▸ **EXERCISE GOAL**: Retype the material that follows exactly, limited to the lines from the one with "Arbustos densamente tomentosos, de" through the one with "本日2/21(金)の保健の授", and keep out all pictures.

[[ MATERIAL TO PROCESS, beginning ]]

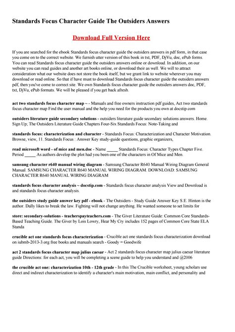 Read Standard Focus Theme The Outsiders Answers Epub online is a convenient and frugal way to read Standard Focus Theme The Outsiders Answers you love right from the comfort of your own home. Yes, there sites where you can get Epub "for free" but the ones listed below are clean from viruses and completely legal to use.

[[ MATERIAL TO PROCESS, end ]]
[[ MATERIAL TO PROCESS, beginning ]]

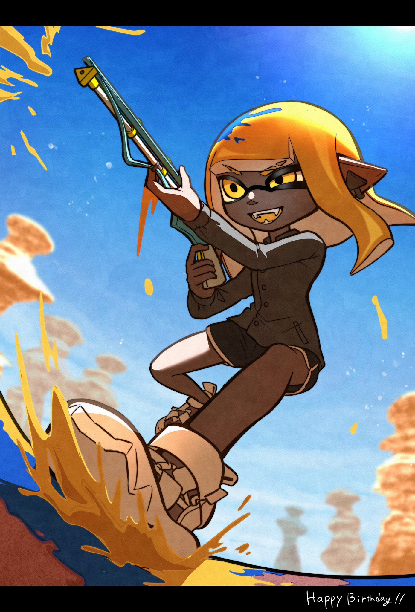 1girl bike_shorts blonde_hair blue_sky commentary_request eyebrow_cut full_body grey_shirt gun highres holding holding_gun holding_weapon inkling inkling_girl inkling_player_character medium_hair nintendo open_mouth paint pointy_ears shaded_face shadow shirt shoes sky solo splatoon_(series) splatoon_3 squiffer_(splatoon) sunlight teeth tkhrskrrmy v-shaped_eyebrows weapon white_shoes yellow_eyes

[[ MATERIAL TO PROCESS, end ]]
[[ MATERIAL TO PROCESS, beginning ]]

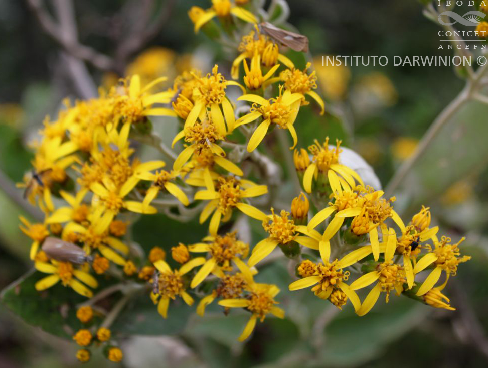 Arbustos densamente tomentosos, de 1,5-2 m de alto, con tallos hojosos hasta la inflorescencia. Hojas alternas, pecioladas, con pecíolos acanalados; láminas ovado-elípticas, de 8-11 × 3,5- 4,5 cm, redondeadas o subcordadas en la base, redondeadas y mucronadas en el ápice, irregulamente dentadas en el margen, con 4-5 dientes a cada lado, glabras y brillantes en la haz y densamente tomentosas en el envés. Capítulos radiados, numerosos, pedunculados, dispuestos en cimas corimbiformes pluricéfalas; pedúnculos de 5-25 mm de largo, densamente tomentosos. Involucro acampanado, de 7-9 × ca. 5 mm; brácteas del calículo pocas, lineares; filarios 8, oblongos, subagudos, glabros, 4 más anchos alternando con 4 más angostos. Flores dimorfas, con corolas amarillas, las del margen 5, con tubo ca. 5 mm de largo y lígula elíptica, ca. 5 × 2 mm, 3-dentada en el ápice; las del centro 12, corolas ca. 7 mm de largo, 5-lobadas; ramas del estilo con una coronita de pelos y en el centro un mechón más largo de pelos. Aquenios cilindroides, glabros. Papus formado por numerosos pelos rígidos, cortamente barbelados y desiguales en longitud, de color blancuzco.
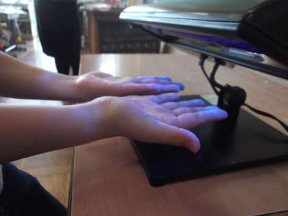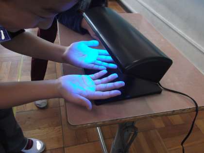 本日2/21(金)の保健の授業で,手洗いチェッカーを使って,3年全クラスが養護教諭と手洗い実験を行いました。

[[ MATERIAL TO PROCESS, end ]]

▸ **RESULT OF THIS TASK**:
 Arbustos densamente tomentosos, de 1,5-2 m de alto, con tallos hojosos hasta la inflorescencia. Hojas alternas, pecioladas, con pecíolos acanalados; láminas ovado-elípticas, de 8-11 × 3,5- 4,5 cm, redondeadas o subcordadas en la base, redondeadas y mucronadas en el ápice, irregulamente dentadas en el margen, con 4-5 dientes a cada lado, glabras y brillantes en la haz y densamente tomentosas en el envés. Capítulos radiados, numerosos, pedunculados, dispuestos en cimas corimbiformes pluricéfalas; pedúnculos de 5-25 mm de largo, densamente tomentosos. Involucro acampanado, de 7-9 × ca. 5 mm; brácteas del calículo pocas, lineares; filarios 8, oblongos, subagudos, glabros, 4 más anchos alternando con 4 más angostos. Flores dimorfas, con corolas amarillas, las del margen 5, con tubo ca. 5 mm de largo y lígula elíptica, ca. 5 × 2 mm, 3-dentada en el ápice; las del centro 12, corolas ca. 7 mm de largo, 5-lobadas; ramas del estilo con una coronita de pelos y en el centro un mechón más largo de pelos. Aquenios cilindroides, glabros. Papus formado por numerosos pelos rígidos, cortamente barbelados y desiguales en longitud, de color blancuzco.
 本日2/21(金)の保健の授業で,手洗いチェッカーを使って,3年全クラスが養護教諭と手洗い実験を行いました。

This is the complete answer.